| Aim of the exercise |
Each entry below should be printed exactly, with every image left out.

====== Source data ======

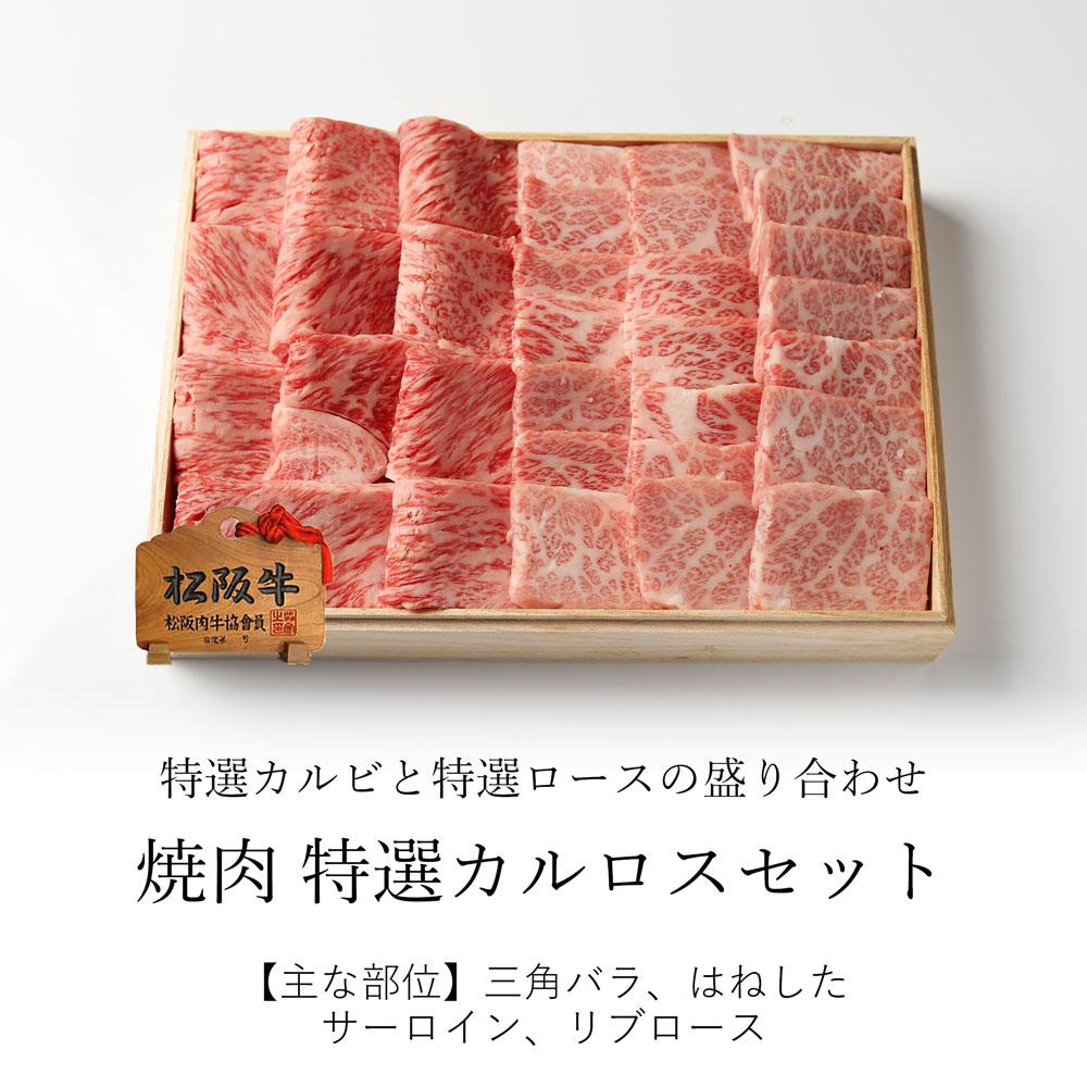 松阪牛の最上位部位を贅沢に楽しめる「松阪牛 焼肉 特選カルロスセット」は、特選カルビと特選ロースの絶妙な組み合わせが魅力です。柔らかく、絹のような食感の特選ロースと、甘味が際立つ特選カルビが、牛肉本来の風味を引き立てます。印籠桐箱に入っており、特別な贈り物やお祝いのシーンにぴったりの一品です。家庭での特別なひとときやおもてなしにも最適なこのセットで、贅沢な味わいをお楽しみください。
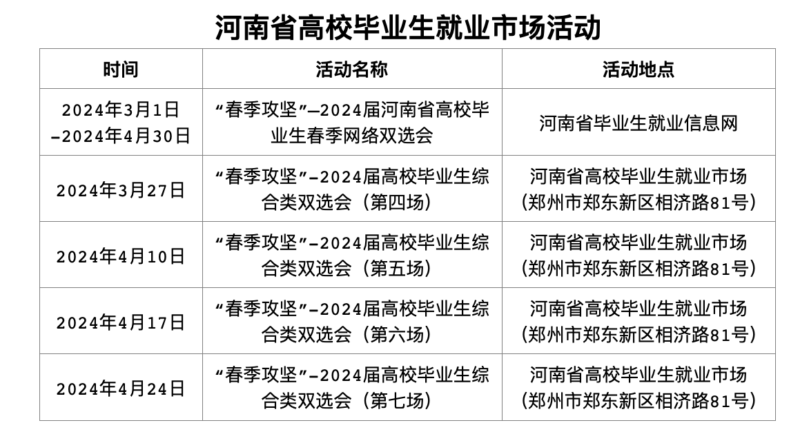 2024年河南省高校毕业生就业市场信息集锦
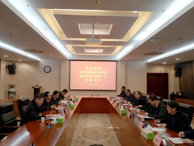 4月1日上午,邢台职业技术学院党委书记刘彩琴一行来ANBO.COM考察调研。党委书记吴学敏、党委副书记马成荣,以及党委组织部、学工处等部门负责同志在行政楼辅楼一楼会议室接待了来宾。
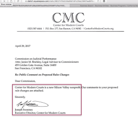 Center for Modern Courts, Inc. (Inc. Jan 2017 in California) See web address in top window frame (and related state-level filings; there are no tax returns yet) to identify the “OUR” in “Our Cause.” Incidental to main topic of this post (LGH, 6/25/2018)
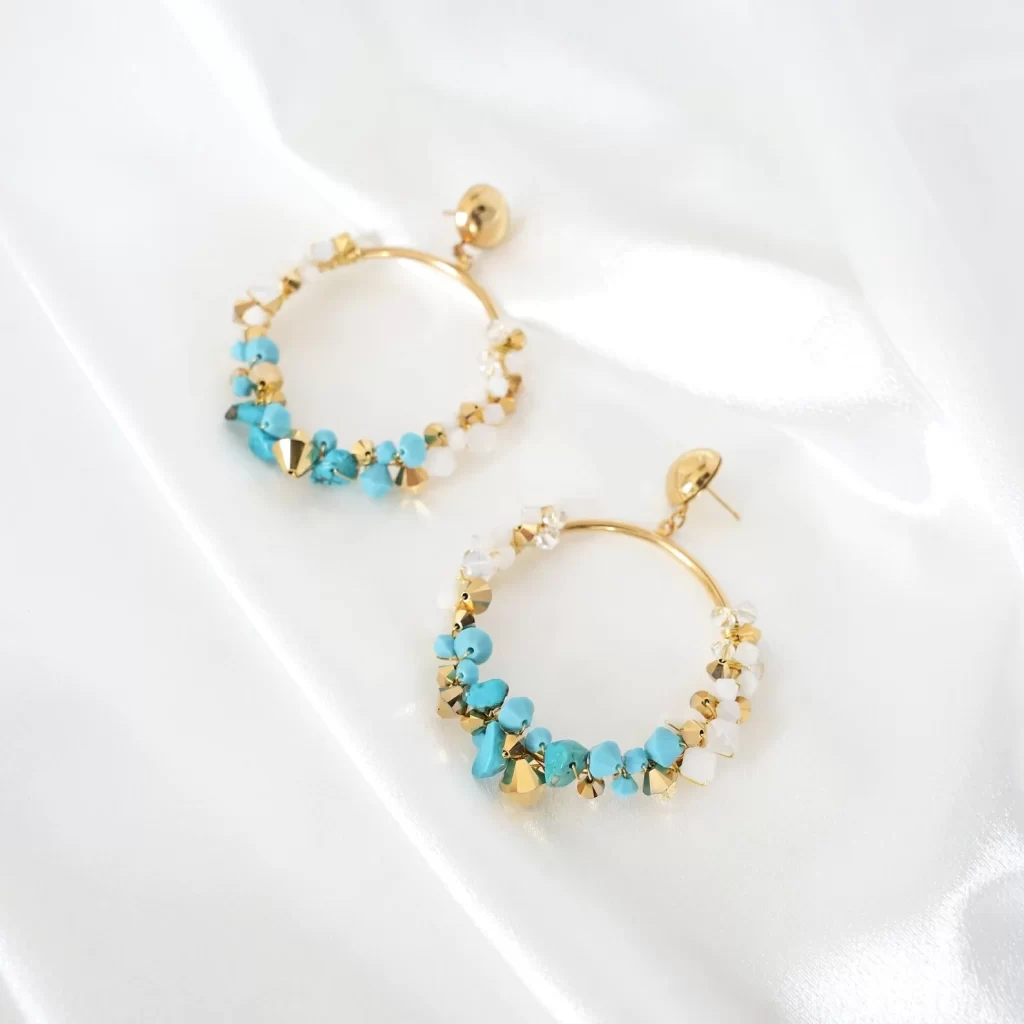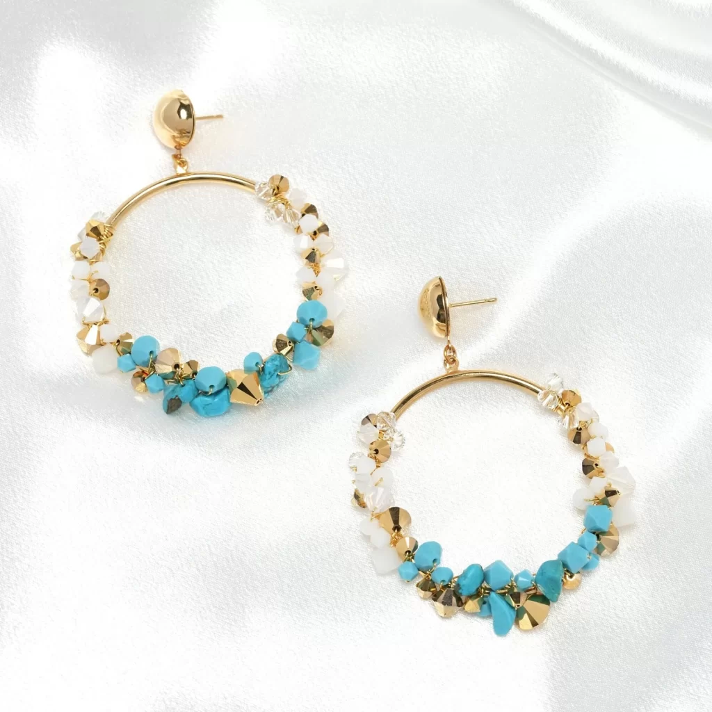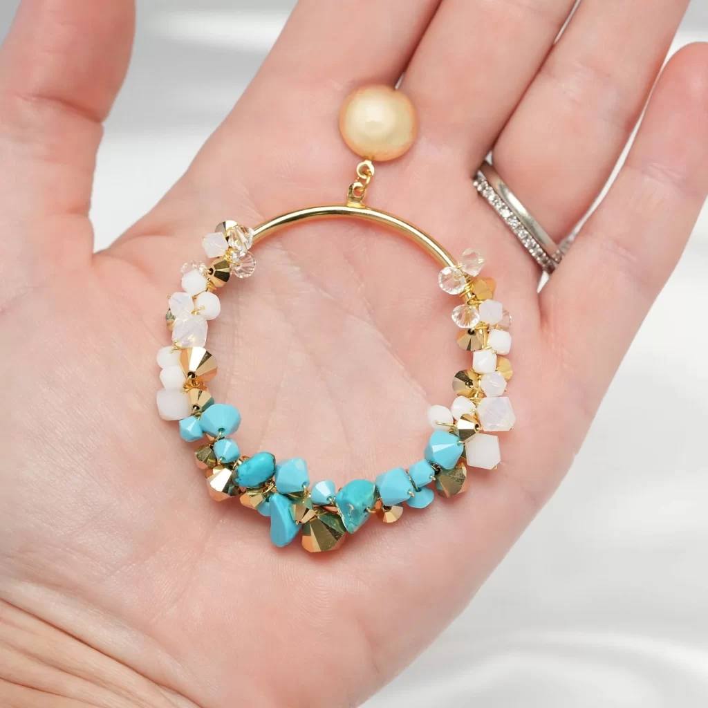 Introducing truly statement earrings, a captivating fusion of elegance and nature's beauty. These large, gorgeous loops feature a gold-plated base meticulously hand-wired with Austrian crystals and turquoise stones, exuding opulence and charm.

======

| Result of this task |
 松阪牛の最上位部位を贅沢に楽しめる「松阪牛 焼肉 特選カルロスセット」は、特選カルビと特選ロースの絶妙な組み合わせが魅力です。柔らかく、絹のような食感の特選ロースと、甘味が際立つ特選カルビが、牛肉本来の風味を引き立てます。印籠桐箱に入っており、特別な贈り物やお祝いのシーンにぴったりの一品です。家庭での特別なひとときやおもてなしにも最適なこのセットで、贅沢な味わいをお楽しみください。
 2024年河南省高校毕业生就业市场信息集锦
 4月1日上午,邢台职业技术学院党委书记刘彩琴一行来ANBO.COM考察调研。党委书记吴学敏、党委副书记马成荣,以及党委组织部、学工处等部门负责同志在行政楼辅楼一楼会议室接待了来宾。
 Center for Modern Courts, Inc. (Inc. Jan 2017 in California) See web address in top window frame (and related state-level filings; there are no tax returns yet) to identify the “OUR” in “Our Cause.” Incidental to main topic of this post (LGH, 6/25/2018)
 Introducing truly statement earrings, a captivating fusion of elegance and nature's beauty. These large, gorgeous loops feature a gold-plated base meticulously hand-wired with Austrian crystals and turquoise stones, exuding opulence and charm.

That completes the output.